About the Team PICO-MR team is dedicated to pioneering core technologies for intelligent human-computer interaction in MR environments, with a focus on integrating multimodal large language models (MLLM) and tool-use capabilities to redefine user experiences. Our R&D directions cover cutting-edge fields including multimodal scene understanding, MLLM-based agent systems, tool-augmented MR interaction, 3D environment perception, and AIGC-driven content generation. Within MR scenarios, our work spans: MLLM optimization and adaptation for MR, intelligent task execution with tool use, multimodal scene understanding (vision, point clouds, text), AIGC-based scene generation, depth estimation (Mono/Stereo/MVS), 3D environment perception, large-scale 3D scene reconstruction (3DGS, NeRF, etc.), visual localization, and lighting estimation—encompassing both fundamental research breakthroughs and industrial-grade solution deployment.
Responsibilities:
- Lead the R&D of multimodal large language models (MLLM) tailored for MR scenarios, integrating vision, point clouds, text, and other multimodal information—including model architecture optimization, cross-modal alignment, data construction, evaluation system enhancement, and end-to-end training/inference acceleration.
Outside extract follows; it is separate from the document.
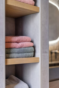 Nissen in de douche of bij het bad zijn een andere slimme oplossing. Ze vervangen losse rekjes en houden shampoo en zeep netjes bij elkaar, zonder het strakke beeld te verstoren. Door dezelfde materialen te gebruiken als op de wand, vallen ze nauwelijks op.
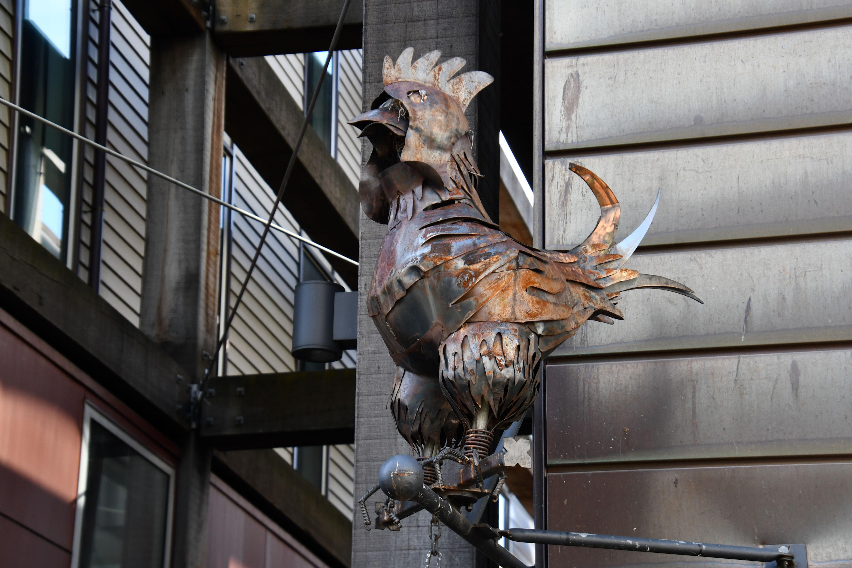 We stopped to photograph this chicken sculpture. Behind you see the Skyline Queenstown.

- Drive the research and implementation of MLLM tool-use capabilities in MR environments, enabling models to proficiently utilize spatial interaction and spatial computing-related professional tools, support tool calls for both single-turn and multi-turn conversations, and solve complex user tasks through interaction.
- Address key challenges in long-horizon, multi-turn tool-augmented tasks in MR, such as context memory management, tool selection strategy, and error correction mechanisms.
- Keep abreast of cutting-edge technologies in MLLM, multimodal intelligence, and tool-use research, and lead the application and deployment of innovative technologies in PICO's MR products.
- Collaborate with cross-functional teams (including software engineering, product design, and hardware development) to translate research outcomes into practical features that enhance user experience.
Requirements
Minimum Qualifications
- Master's or Ph.D. degree in Computer Science, Electrical Engineering, Machine Learning, Artificial Intelligence, or a related quantitative field.
- Expertise in multimodal large model pre-training, post-training, fine-tuning, or cross-modal fusion technologies, with hands-on experience in model optimization, training workflow design, and performance tuning.
- Proven research experience in LLM tool use, reinforcement learning, LLM agents, or interactive learning, with a deep understanding of single-turn and multi-turn interaction mechanisms.
- Proficiency in core 2D/3D computer vision tasks, including detection, segmentation, depth estimation, image matching, and 3D scene perception.
- Skilled in Python and C++, with solid programming capabilities and experience in developing large-scale models using mainstream deep learning frameworks (PyTorch/TensorFlow).
- Excellent problem-solving and independent research abilities, capable of addressing complex technical challenges in the integration of MR and MLLM tool use.
Preferred Qualifications
- Publications in AI/ML/CV conferences (e.g., NeurIPS, ICML, ICLR, CVPR, ICCV, ECCV, ACL, EMNLP) focusing on multimodal large models, LLM tool use, or agent systems.
- Hands-on experience in building large-scale MLLM training pipelines, tool-use evaluation systems, or multimodal agent platforms.
- Familiarity with MR/AR/VR technologies, spatial computing, or 3D scene reconstruction (3DGS, NeRF, etc.) is a strong plus.
- Experience in addressing long-horizon reasoning or asynchronous agent behavior challenges is highly valued.
- Award winners of competitions such as ACM-ICPC, NOI/IOI, TopCoder, or AI/ML contests (e.g., Kaggle) are preferred.
- Strong collaboration and communication skills, able to lead research initiatives and drive cross-team technical alignment.